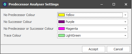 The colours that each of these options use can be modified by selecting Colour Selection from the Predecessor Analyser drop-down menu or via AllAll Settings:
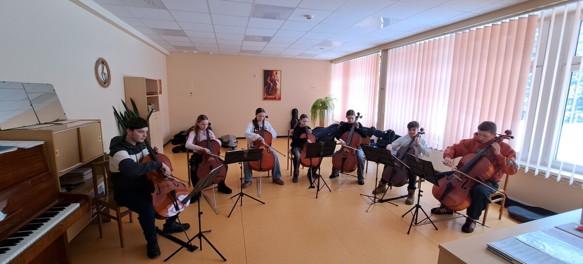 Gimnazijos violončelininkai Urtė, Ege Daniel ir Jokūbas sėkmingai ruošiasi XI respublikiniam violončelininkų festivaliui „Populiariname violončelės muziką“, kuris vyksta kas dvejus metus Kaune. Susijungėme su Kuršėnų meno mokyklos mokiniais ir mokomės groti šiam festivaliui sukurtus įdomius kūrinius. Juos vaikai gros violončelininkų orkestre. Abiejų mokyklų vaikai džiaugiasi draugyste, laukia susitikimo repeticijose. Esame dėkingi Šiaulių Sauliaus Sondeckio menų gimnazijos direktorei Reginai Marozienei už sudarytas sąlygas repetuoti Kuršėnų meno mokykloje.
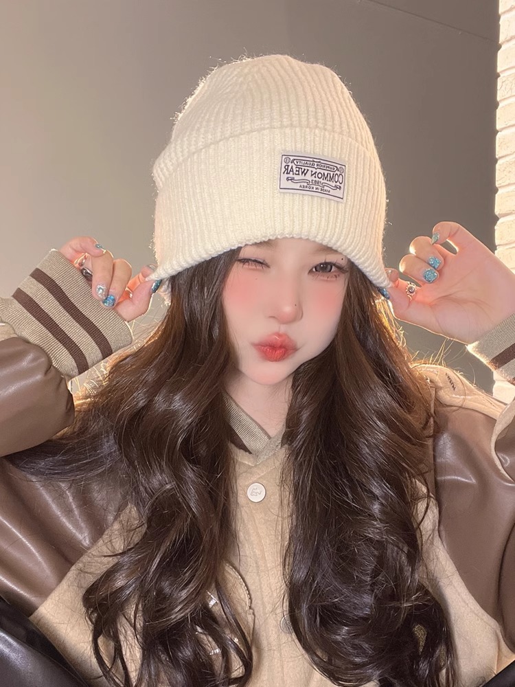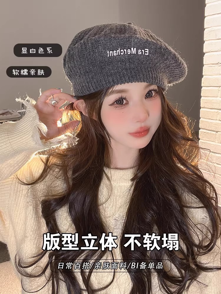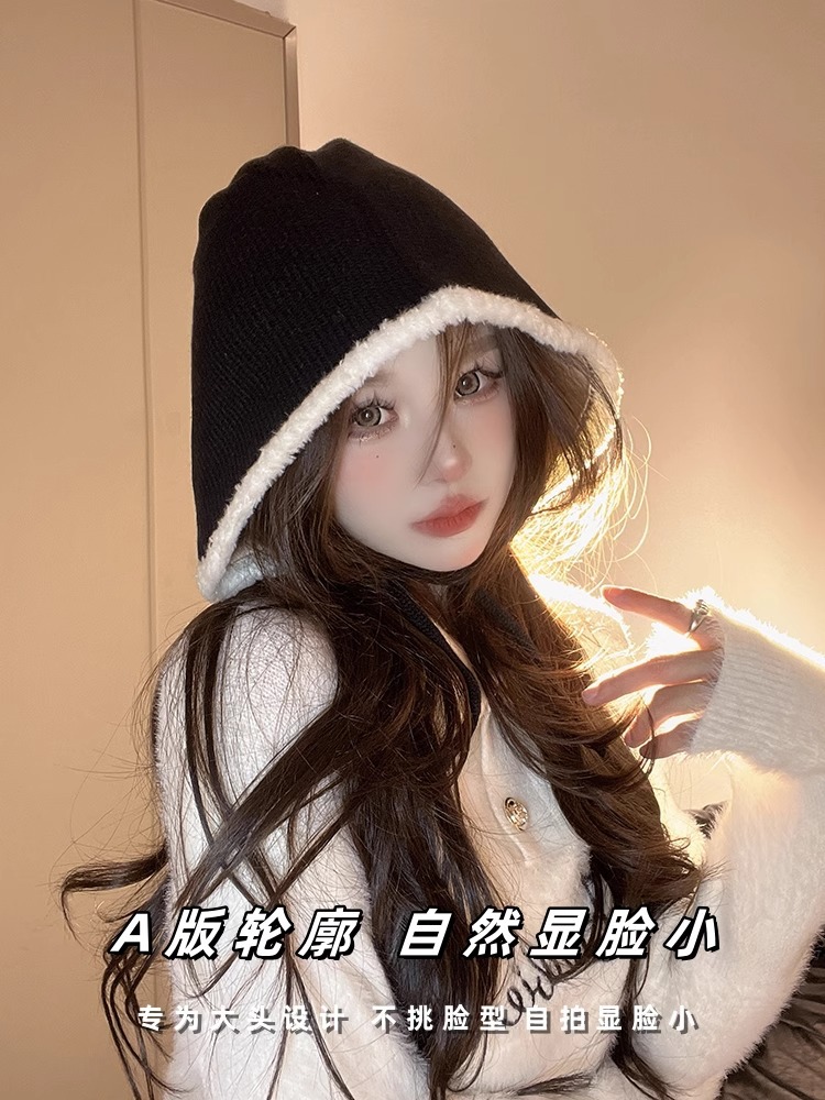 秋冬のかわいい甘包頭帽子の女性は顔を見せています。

...

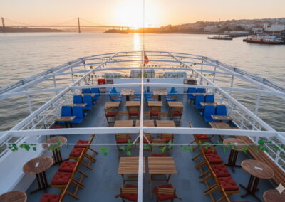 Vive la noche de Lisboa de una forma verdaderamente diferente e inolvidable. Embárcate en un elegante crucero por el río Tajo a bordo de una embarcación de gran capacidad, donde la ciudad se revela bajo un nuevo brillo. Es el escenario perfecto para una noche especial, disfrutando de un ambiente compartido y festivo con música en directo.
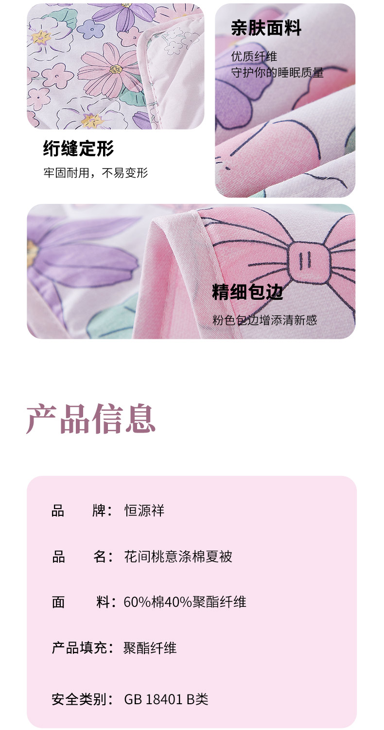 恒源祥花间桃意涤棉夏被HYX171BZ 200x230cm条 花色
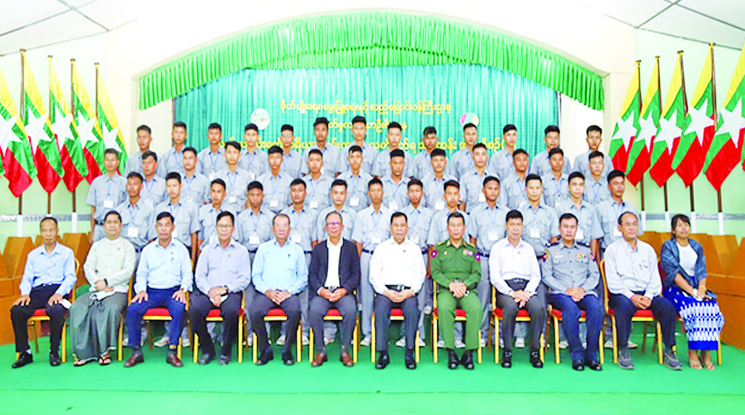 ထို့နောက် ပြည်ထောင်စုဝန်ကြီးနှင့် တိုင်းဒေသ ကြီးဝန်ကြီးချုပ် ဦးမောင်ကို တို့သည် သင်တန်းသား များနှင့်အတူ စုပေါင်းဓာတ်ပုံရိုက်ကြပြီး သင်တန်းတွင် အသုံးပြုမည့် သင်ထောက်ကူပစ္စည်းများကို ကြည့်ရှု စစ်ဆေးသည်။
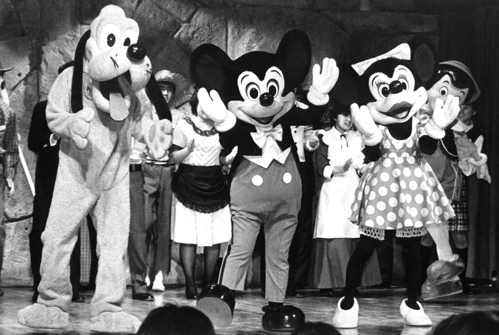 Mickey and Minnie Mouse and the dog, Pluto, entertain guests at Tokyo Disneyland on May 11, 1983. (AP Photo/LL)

* * *

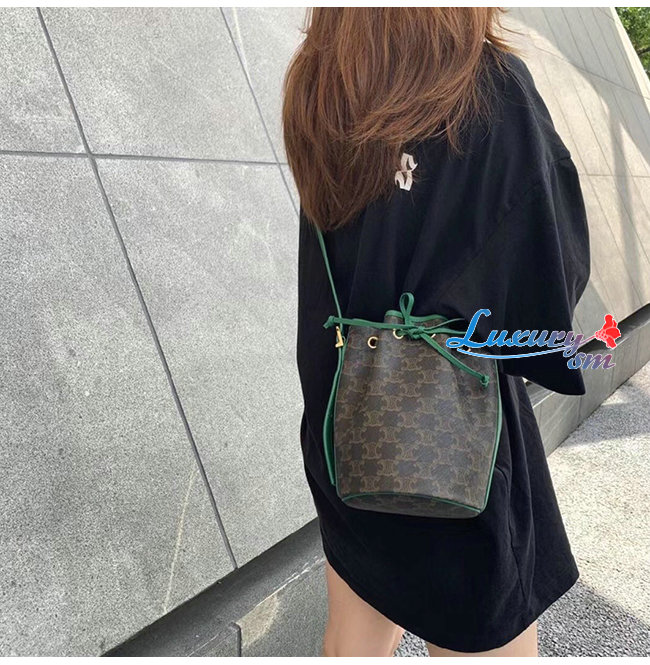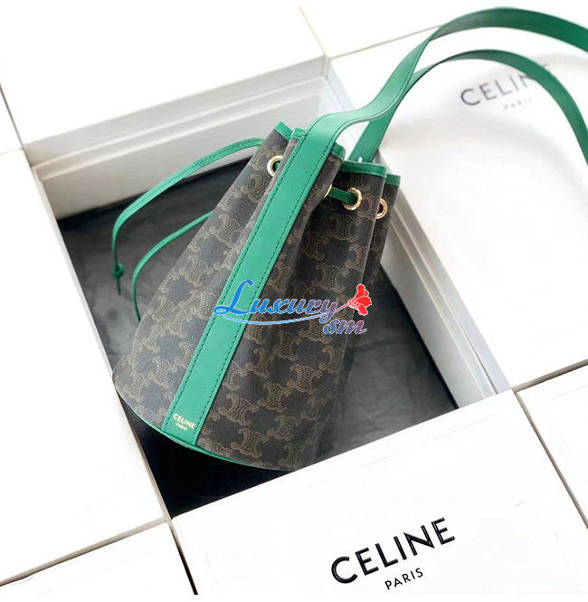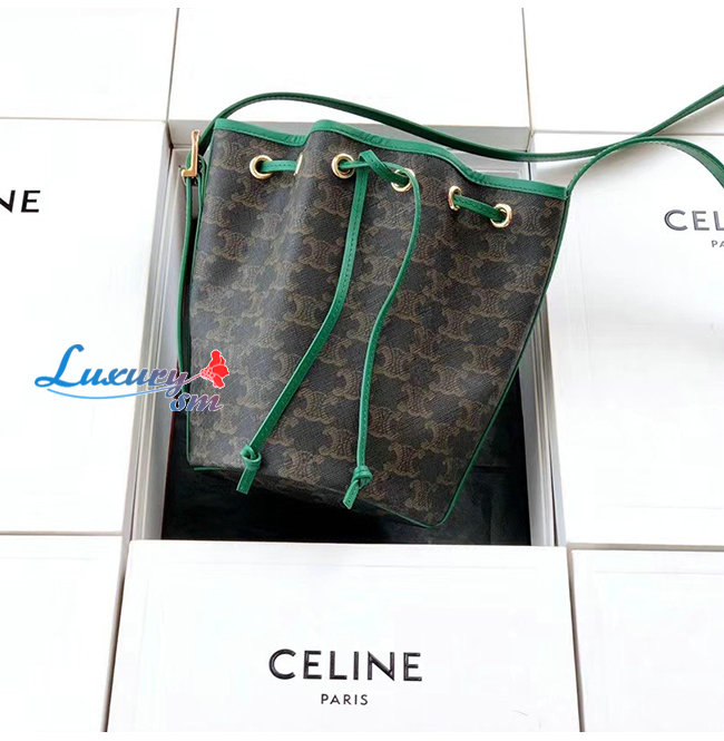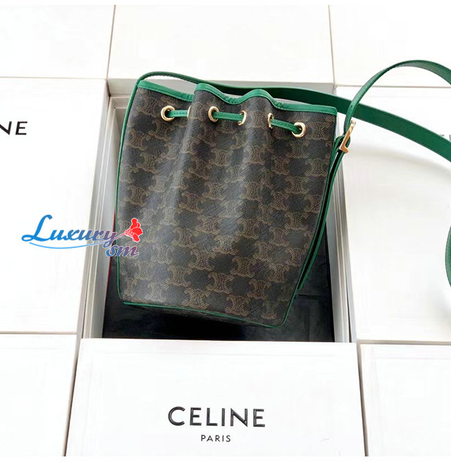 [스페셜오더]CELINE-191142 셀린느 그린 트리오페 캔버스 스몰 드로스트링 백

- WHAT YOU WILL DO:
An exact copy is needed of the stretch above that opens with the line containing "Vive la noche" and closes with the line containing "Mickey and Minnie"; the pictures are not part of it.

- SOLUTION:
 Vive la noche de Lisboa de una forma verdaderamente diferente e inolvidable. Embárcate en un elegante crucero por el río Tajo a bordo de una embarcación de gran capacidad, donde la ciudad se revela bajo un nuevo brillo. Es el escenario perfecto para una noche especial, disfrutando de un ambiente compartido y festivo con música en directo.
 恒源祥花间桃意涤棉夏被HYX171BZ 200x230cm条 花色
 ထို့နောက် ပြည်ထောင်စုဝန်ကြီးနှင့် တိုင်းဒေသ ကြီးဝန်ကြီးချုပ် ဦးမောင်ကို တို့သည် သင်တန်းသား များနှင့်အတူ စုပေါင်းဓာတ်ပုံရိုက်ကြပြီး သင်တန်းတွင် အသုံးပြုမည့် သင်ထောက်ကူပစ္စည်းများကို ကြည့်ရှု စစ်ဆေးသည်။
 Mickey and Minnie Mouse and the dog, Pluto, entertain guests at Tokyo Disneyland on May 11, 1983. (AP Photo/LL)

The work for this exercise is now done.